TASK TO COMPLETE — Taking only the lines of the data below from the line with "De AeroCover Hoessteunset" to the line with "Strassz formakő körömdísz", ends included, write them out exactly and without pictures.

Collection entries —
────────

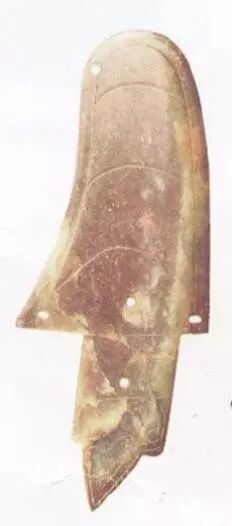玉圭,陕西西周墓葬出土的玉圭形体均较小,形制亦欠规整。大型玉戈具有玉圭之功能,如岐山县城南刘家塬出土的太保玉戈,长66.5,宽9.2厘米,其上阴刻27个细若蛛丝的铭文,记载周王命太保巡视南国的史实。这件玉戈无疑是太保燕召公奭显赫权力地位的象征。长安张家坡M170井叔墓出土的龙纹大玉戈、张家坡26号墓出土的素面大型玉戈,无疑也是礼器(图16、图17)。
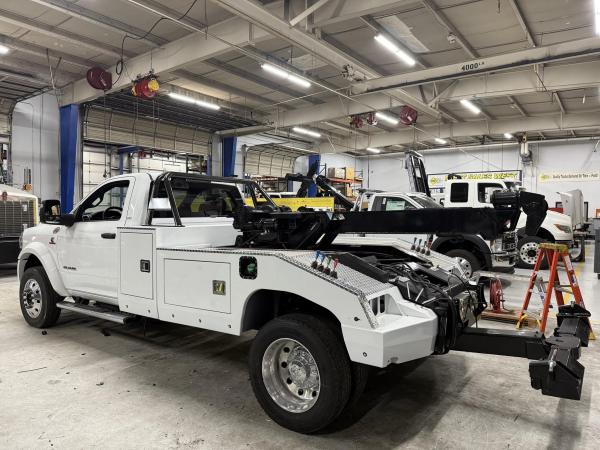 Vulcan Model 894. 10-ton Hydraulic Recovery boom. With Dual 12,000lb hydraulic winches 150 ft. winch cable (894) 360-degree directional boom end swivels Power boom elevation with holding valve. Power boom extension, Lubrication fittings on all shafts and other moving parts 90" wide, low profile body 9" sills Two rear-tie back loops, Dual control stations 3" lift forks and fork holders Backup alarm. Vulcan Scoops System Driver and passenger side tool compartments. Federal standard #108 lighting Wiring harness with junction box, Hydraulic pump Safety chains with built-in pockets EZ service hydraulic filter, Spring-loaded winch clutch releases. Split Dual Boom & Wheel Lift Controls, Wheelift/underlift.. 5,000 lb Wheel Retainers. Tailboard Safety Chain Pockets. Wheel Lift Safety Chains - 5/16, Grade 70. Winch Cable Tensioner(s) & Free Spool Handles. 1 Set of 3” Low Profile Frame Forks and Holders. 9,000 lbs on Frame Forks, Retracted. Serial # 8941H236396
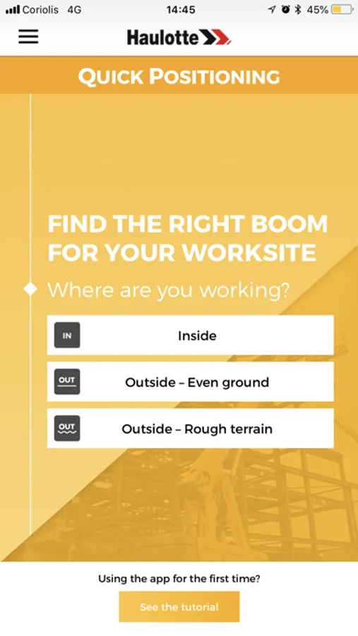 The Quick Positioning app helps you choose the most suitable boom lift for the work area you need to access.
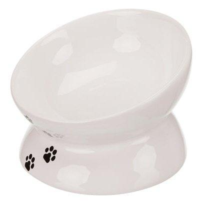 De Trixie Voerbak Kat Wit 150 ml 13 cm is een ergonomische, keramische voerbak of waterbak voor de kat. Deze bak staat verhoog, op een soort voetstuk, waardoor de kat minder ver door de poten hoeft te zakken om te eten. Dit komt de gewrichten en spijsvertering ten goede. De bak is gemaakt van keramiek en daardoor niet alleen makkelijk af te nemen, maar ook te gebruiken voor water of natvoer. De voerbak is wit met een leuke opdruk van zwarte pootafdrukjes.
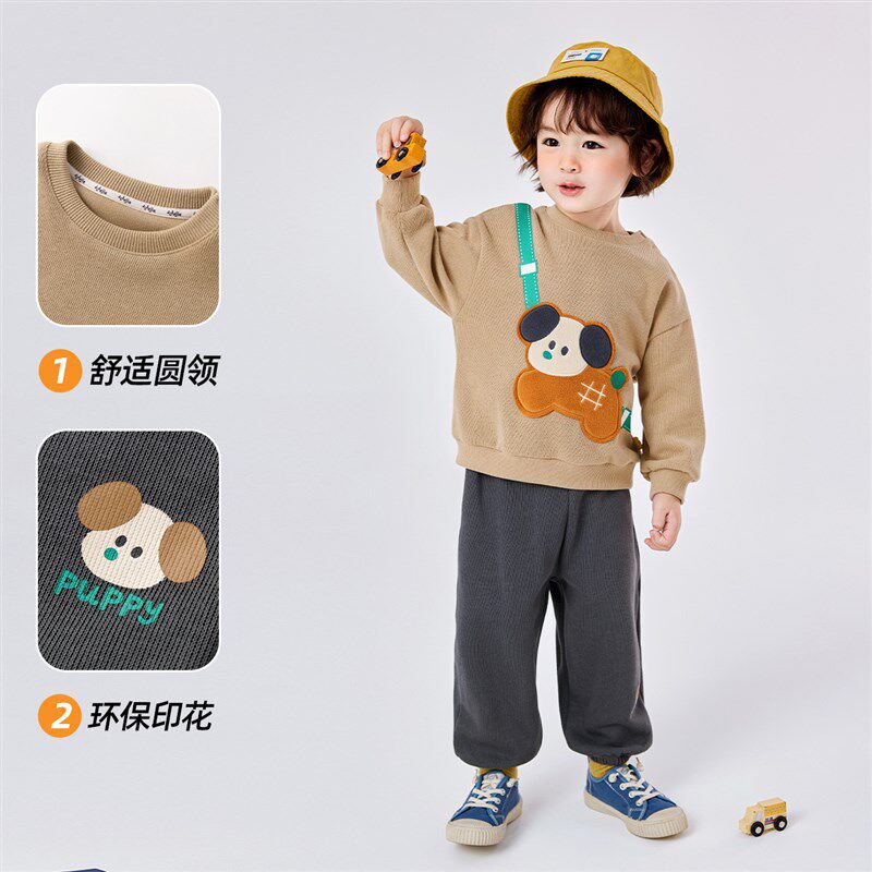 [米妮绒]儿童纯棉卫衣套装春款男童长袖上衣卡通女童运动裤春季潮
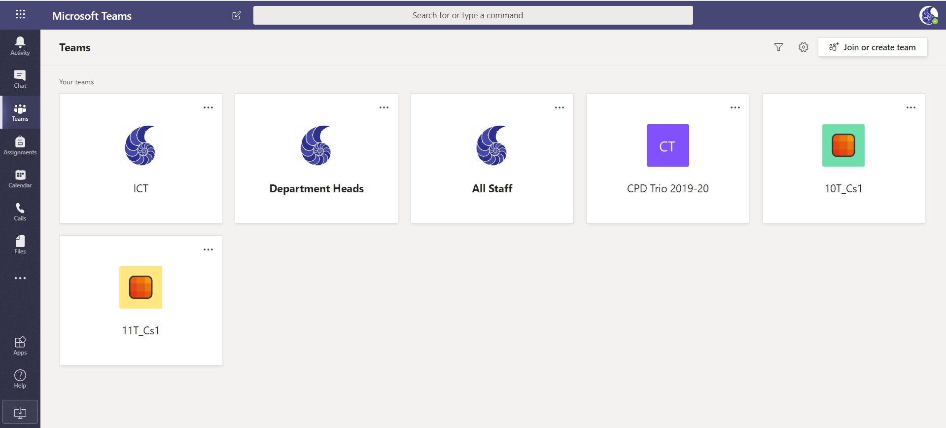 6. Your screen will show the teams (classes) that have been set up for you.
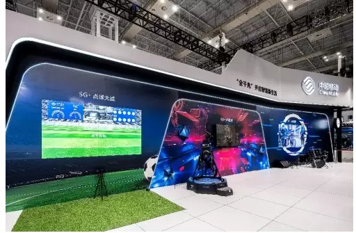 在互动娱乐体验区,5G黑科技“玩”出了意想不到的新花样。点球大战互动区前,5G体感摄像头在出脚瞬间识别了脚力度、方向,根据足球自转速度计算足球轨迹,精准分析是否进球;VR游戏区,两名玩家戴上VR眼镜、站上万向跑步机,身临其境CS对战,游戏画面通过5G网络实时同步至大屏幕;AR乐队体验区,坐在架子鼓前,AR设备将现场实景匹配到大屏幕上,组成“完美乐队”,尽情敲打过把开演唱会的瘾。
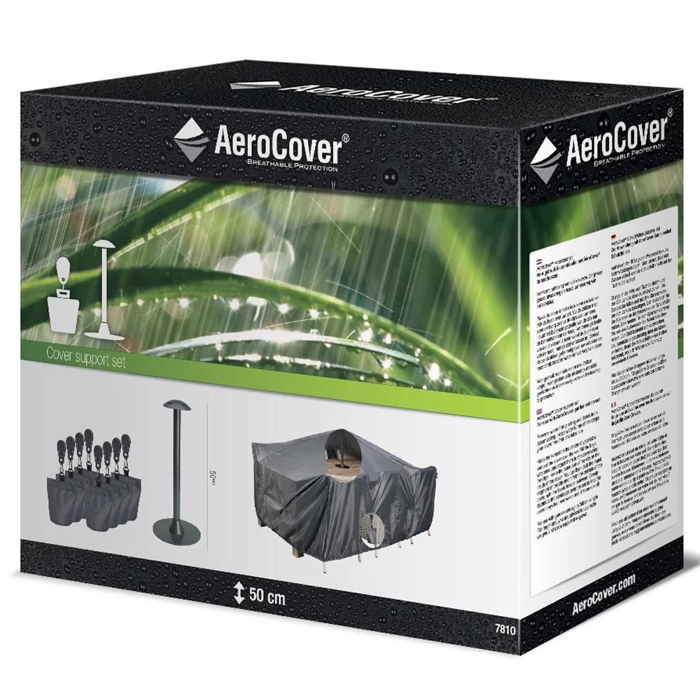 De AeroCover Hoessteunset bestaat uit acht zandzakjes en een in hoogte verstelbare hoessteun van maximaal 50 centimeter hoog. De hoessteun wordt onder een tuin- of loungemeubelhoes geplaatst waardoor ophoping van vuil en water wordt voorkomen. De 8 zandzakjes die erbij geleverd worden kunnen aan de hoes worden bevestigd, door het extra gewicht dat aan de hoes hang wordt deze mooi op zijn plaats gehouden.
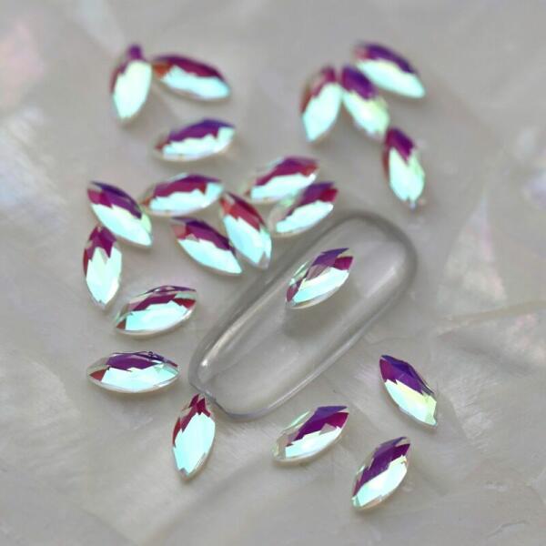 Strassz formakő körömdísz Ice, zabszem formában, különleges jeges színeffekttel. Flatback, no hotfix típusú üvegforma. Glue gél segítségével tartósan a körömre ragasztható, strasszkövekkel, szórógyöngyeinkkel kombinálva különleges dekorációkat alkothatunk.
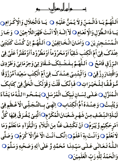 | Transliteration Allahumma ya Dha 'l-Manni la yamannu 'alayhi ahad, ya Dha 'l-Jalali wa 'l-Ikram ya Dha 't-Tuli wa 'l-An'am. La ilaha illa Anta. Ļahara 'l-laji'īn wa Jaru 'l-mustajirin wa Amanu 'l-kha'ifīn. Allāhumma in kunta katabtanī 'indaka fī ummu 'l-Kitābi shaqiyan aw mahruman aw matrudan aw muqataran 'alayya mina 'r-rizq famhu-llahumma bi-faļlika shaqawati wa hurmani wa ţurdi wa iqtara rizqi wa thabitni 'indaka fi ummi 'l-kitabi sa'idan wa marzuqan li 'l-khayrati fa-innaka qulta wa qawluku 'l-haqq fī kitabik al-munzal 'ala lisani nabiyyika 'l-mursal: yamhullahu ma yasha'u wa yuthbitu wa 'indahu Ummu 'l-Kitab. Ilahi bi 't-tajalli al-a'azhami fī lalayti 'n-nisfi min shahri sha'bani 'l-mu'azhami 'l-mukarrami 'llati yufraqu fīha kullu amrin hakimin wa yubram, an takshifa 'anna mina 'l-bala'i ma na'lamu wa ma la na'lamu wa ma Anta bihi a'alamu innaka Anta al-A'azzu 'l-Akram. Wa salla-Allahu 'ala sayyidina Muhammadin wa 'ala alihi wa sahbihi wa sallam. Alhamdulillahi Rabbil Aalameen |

────────

TASK OUTPUT —
 De AeroCover Hoessteunset bestaat uit acht zandzakjes en een in hoogte verstelbare hoessteun van maximaal 50 centimeter hoog. De hoessteun wordt onder een tuin- of loungemeubelhoes geplaatst waardoor ophoping van vuil en water wordt voorkomen. De 8 zandzakjes die erbij geleverd worden kunnen aan de hoes worden bevestigd, door het extra gewicht dat aan de hoes hang wordt deze mooi op zijn plaats gehouden.
 Strassz formakő körömdísz Ice, zabszem formában, különleges jeges színeffekttel. Flatback, no hotfix típusú üvegforma. Glue gél segítségével tartósan a körömre ragasztható, strasszkövekkel, szórógyöngyeinkkel kombinálva különleges dekorációkat alkothatunk.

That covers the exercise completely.